For a deeper walkthrough of pulling historical tweet sets, see Historical Data.
Geographical Filters
A reality check before you go deep here: only an estimated 1-2% of tweets carry precise geolocation data. X removed precise location tagging from the main iOS and Android apps in June 2019, and most users never opted in to begin with. Geo filters are still useful, but expect thin coverage.
| Operator | Description | Example |
|---|---|---|
near:"city" | Geotagged near a named place. Supports phrases. | near:"San Francisco" |
near:me | Near your current location (UI only). | near:me |
within:Xkm | Radius limit for near:. Accepts km or mi. | earthquake near:Tokyo within:50km |
geocode:lat,long,radius | Pinpoint precision using coordinates. | geocode:37.77,-122.41,5km |
place:ID | Search by X Place Object ID. | place:96683cc9126741d1 (USA) |
A useful fallback behavior. If a tweet does not have precise coordinates, the API falls back to reverse-geocoding the user's profile location. So you may receive tweets that match based on the author's stated location, not the tweet's actual origin. This is sometimes what you want and sometimes confusing. For a dedicated approach to mapping audience location by country (which is far higher-coverage than tweet-level geo), see Audience Geography.
Language and Source Filters
Language
X uses 2-letter ISO 639-1 codes: lang:en, lang:es, lang:fr, lang:de, lang:ja, lang:ru, and so on.

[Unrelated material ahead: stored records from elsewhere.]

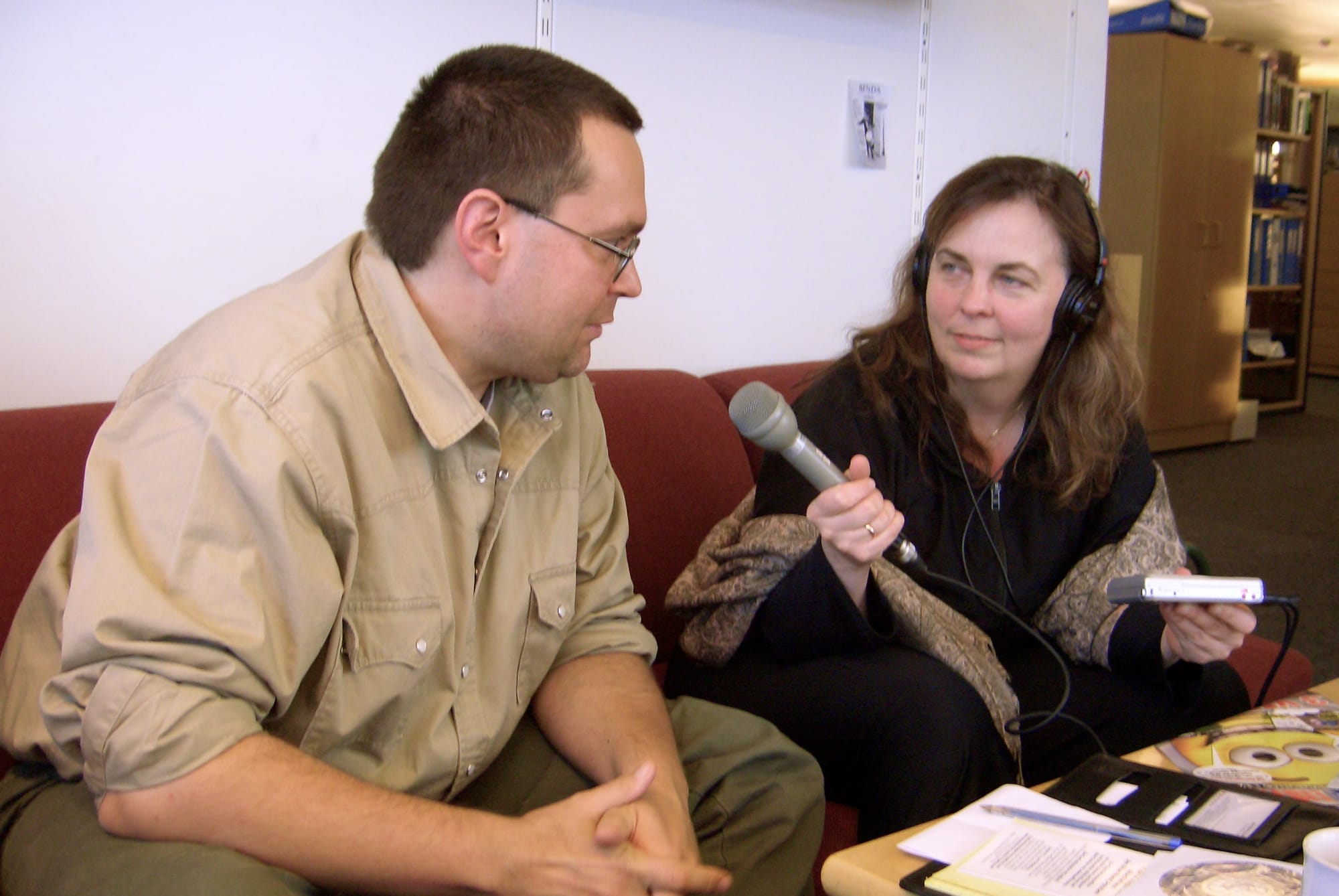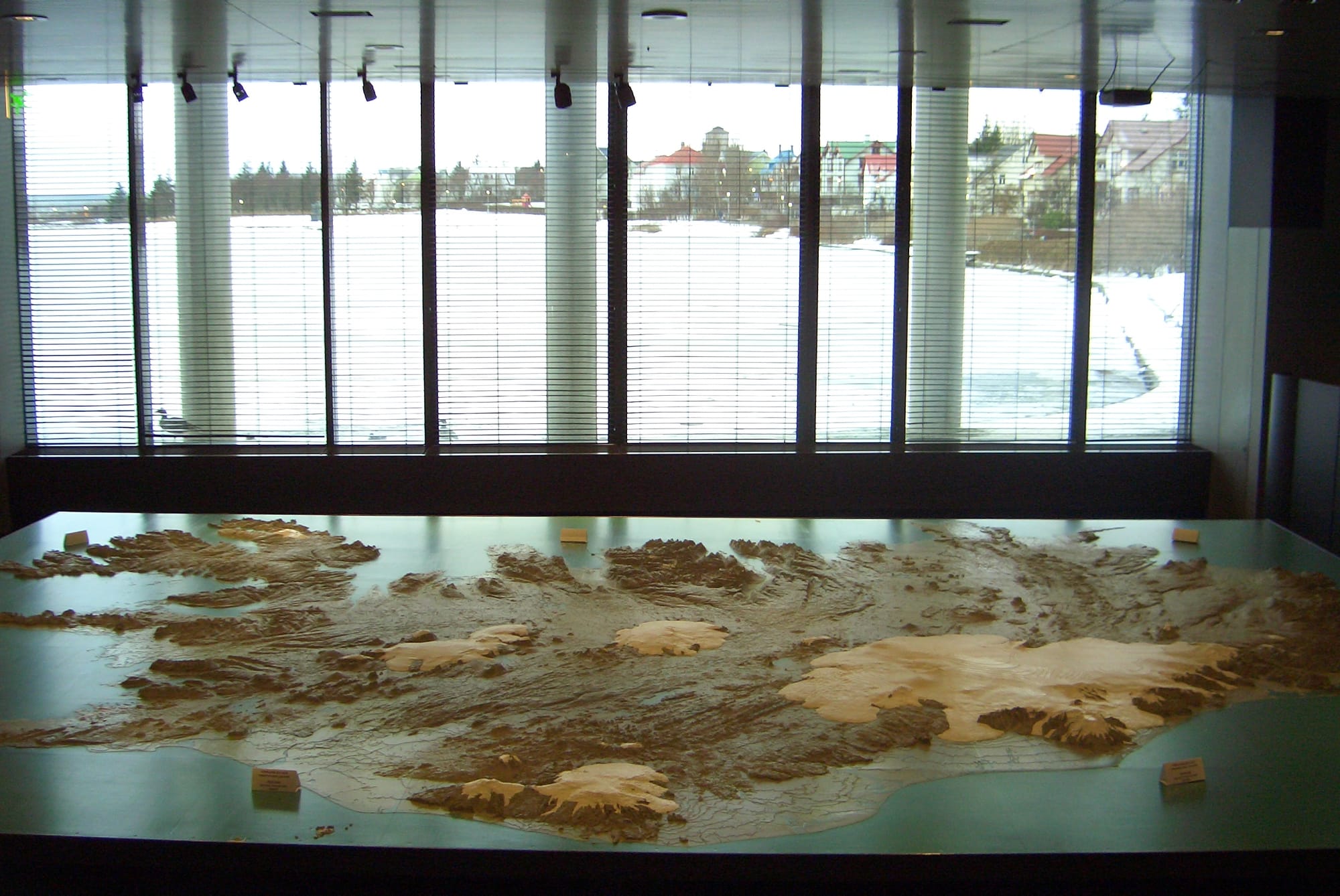 Über den Dächern von Reykjavik: Abstecher zum Public Radio RAS1 im Sendehaus von RÚV Ríkisútvarpið mit einem Bericht aus Flateyri für die RÚV Journalistin Sigridur Petursdottir. – Im Rathaus am Tjörnin-Teich die topographische Relief-Karte des Landes – Fotos: Joachim Polzer, Interview-Foto von Norbert Pintsch | Digital-Fotos
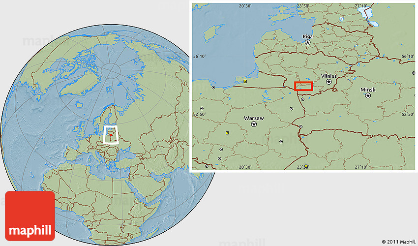 Maphill is a collection of map images. This image combines a savanna style map with the globe centered on the area around 54° 26' 3" N, 23° 52' 30" E. Use the buttons under the image to switch to different map types.
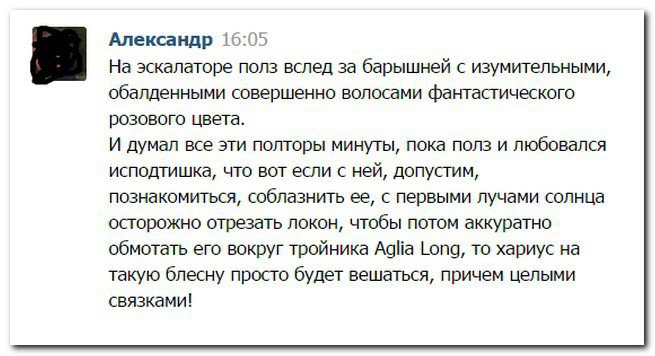 — Алло! Владимир Владимирович, добрый день! Я мать-одиночка, у меня двое маленьких сыновей. Что мне ждать от государства? — Как минимум, две повестки в армию! Одного мужика арестовали за незаконную вырубку леса. И приговорили к пяти годам законной вырубки леса. Маленький мальчик носится по квартире. Сбрасывает книжки с буфета, раскидывает одежду, опрокидывает стулья. Прибегает нянечка и спрашивает: — Ты что делаешь? — Я играю в игру — В какую? — "Твою мать, где ключи от машины?!!!" Проверяющий на одесском рынке: — У вас есть документы на эту рыбу? — А шо вам надо? Свидетельство о смерти? Перлы учителей и преподавателей. — Пусть вон тот желтый кубик будет для наглядности, синим шариком. — Нарисуем бесконечно малый треугольник. Нет, плохо видно, нарисуем побольше... — Все в ваших интересах: чем быстрее уберете класс, тем быстрее пойдете мыть коридор. — Пропиловый спирт пить нельзя, поэтому его формулу писать не будем. — Запись в дневнике: Пришел на урок физкультуры без трусов. — После Павла 1 на российском престоле женщин больше не было.. — Студент, вы что, действительно такой умный? — Кто, я? — Ну не я же! — Давайте для простоты возьмем матрицу 7-ого порядка. — А сейчас открываем половые органы и внимательно их изучаем! — Девушка в заднем ряду, пересядьте ко мне на переднее место. — Запись в дневнике: Кувыркался без мата. — Спросит вас продавец в магазине формулу Гаусса-Остроградского... А вы ее не знаете! — Возьмите график и крестиками поставите галочки. — Я завтра неожиданно дам вам контрольную. — Танк тихо подкрался, бесшумно лязгая гусеницами. — Повсюду лежали трупы. Кое-где они были еще живы. — Вы мне врете, товарищ студент, но я вам верю. — Летят N самолетов. Нет, N мало — К и оба реактивные... — Итак, мои юные партизаны, начинаю допрос по прошлой теме.
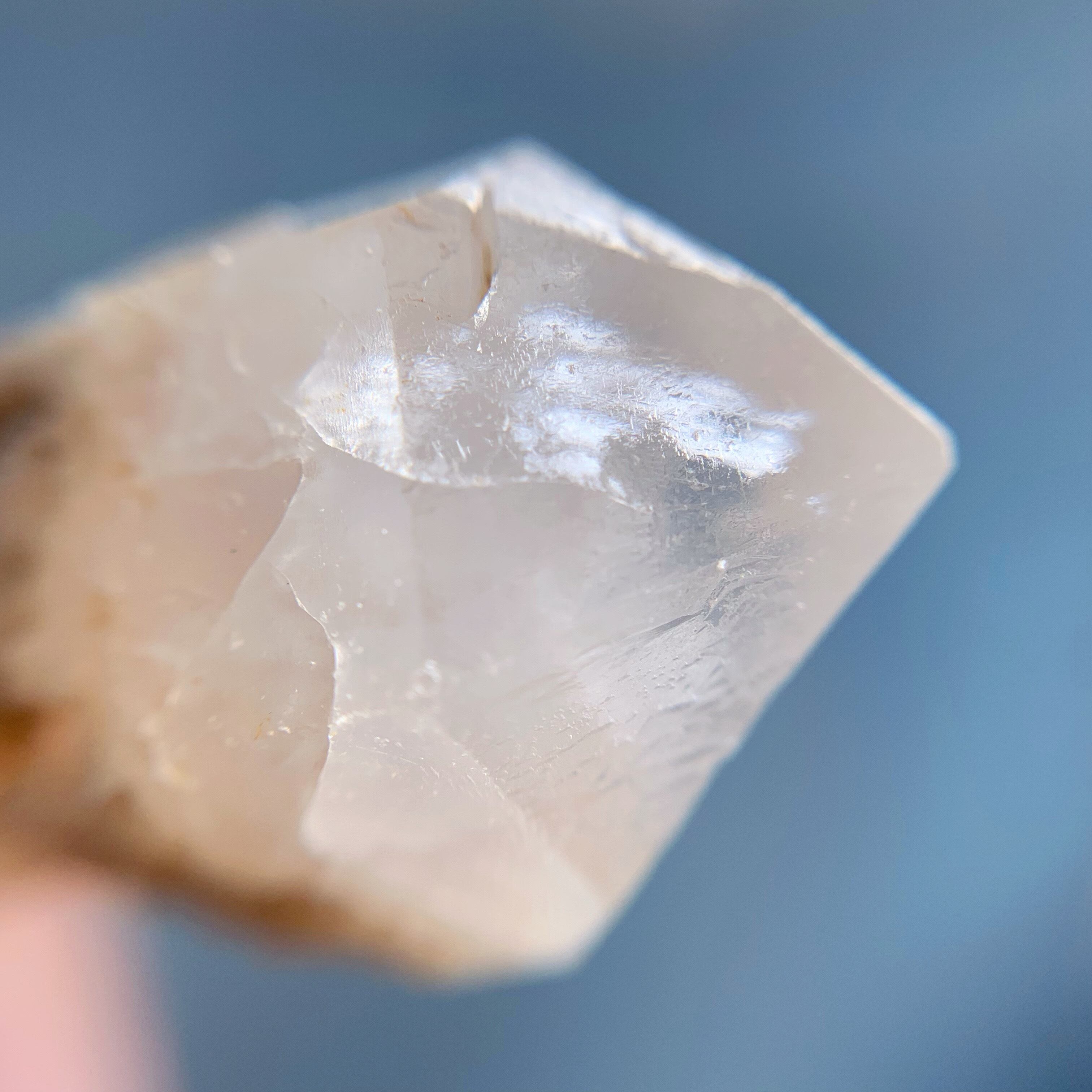 トライゴーニック水晶の錐面に逆三角形▼が深く刻まれたものをトライゴーニックといいます。大変珍しいものですが、インドのマニカラン地方で産出されるアイスクリスタルによく見られます。

There are also several non-standard codes worth knowing:
| Code | Meaning |
|---|---|
lang:und | Undefined language (emoji-only or media-only tweets). |
lang:qme | Tweets with media links only (since 2022). |
lang:qst | Very short text tweets. |
lang:qht | Tweets with hashtags only. |
lang:qam | Tweets with mentions only. |
lang:qct | Tweets with cashtags only. |
lang:zxx | Tweets with media or Twitter Card only, no additional text. |
X's language detection is not perfect. Short tweets, code snippets, and emoji-heavy posts are routinely misclassified. For critical applications, run your own language detection on the body text after retrieval.
Source (posting client)
| Operator | Description | Example |
|---|---|---|
source:client_name | Filter by the app used to post. Use underscores for spaces. | source:Twitter_for_iPhone |
Common values: Twitter_for_iPhone, Twitter_for_Android, Twitter_Web_App, TweetDeck, twitter_ads. Note that source: sometimes needs another operator alongside it to return results.
Card and URL Operators
These match on Twitter Card metadata: the rich previews attached to tweets containing links, media, and embedded content. Two things to know up front: card_name: typically only works for tweets from the last 7-8 days, and url: works well for domains but is unreliable for long URL paths.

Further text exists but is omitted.